I was reading through the threads and comments of the Maine Sportsman Forum this morning. Some of you may have read my articles about the controversy of the Sportsman’s Alliance of Maine (SAM) seeking email addresses of sportsmen from the Maine Department of Inland Fisheries and Wildlife through the Freedom of Information Act law. This thread is discussing that topic and that’s where I pulled the comment below made by Harry Vanderweide, Editor of the Maine Sportsman.

SAM, the Nature Conservancy and Maine Audubon have joined together to seek passage of a constitutional amendment referendum that aims to create stable dedicated funding for the Department through a tiny percentage of the sales tax. That effort is crucially important to DIF&W. The Department currently gets no state tax money and is now running deeply in the red with no way out. In other words, as a matter of simple survival, it is in the Department’s best interest to work with SAM because nobody else is offering solutions to solving the Department’s serious financial woes.

This comment is saying that MDIFW is so financially in trouble it is willing to do whatever is necessary to obtain funding and that nobody else is offering suggestions. Well, I have been offering suggestions for quite some time. Either nobody is listening or I’m not offering suggestions that anyone is interested in hearing. Let’s try again.

The first problem why MDIFW is broke is they have morphed into being a do-all department, much of which has nothing or little to do with fish and wildlife and too much to do with issues not related to fish and game. Call that a problem or not, but you can’t keep asking the MDIFW to take on nongame issue while only asking the fish and game license buyers to fund these programs.

So the solution is quite simple actually. If, as Vanderweide says, SAM, the Nature Conservancy and Audubon have teamed up to find tax dollars to fund IFW, then why not put these nongame entities into the hands of the Department of Conservation, Parks and Recreation, Law Enforcement, or any other non fish and non game entity, and then fund it with tax payer dollars the way it should be?

Do the Maine sportsmen want members of the Nature Conservancy, the Audubon Society, Wildlife Alliance of Maine or any other agency dujour not interested in the best interests of hunters, fishermen and trappers sitting on the Commission? That’s what you’ll get if this is the route that is pursued. Politics controls far too much of MDIFW now. Add tax dollars to the funding and it will only get worse.

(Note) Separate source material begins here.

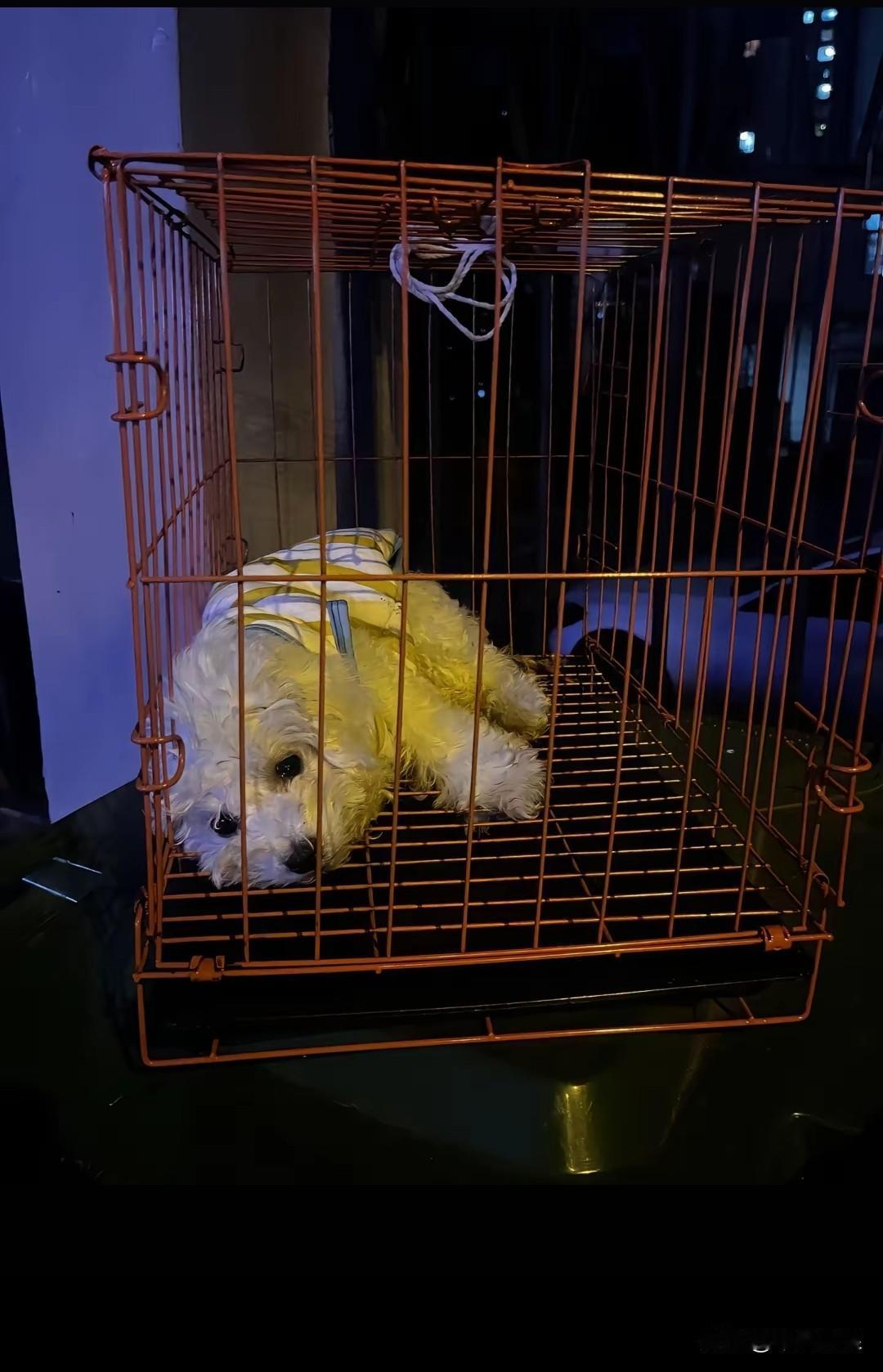 病恹恹的小泰迪,被狠心的主人连笼带狗一同扔在垃圾桶旁。下方散发着刺鼻的臭味,只剩半条命的小泰迪忍受着病痛的折磨,无比无助地趴在狗笼里,静待命运的安排。生病的泰迪

I see no reason why these nongame programs can’t be moved to departments where they belong out of MDIFW and then funded with tax money as they should be. This will relieve the MDFIW from the monetary load of keeping these programs up and the manpower required, then they can get back to focusing on fish and game issue with the same amount of money. Doesn’t this make sense? Isn’t this better than having your fish and game department run by animal rights groups and environmentalists?

If you agree, call SAM, call your representative, tell your neighbor, tell somebody. If you disagree, call SAM, call your representative, tell you neighbors, tell somebody. But please tell somebody how you feel about your wildlife management.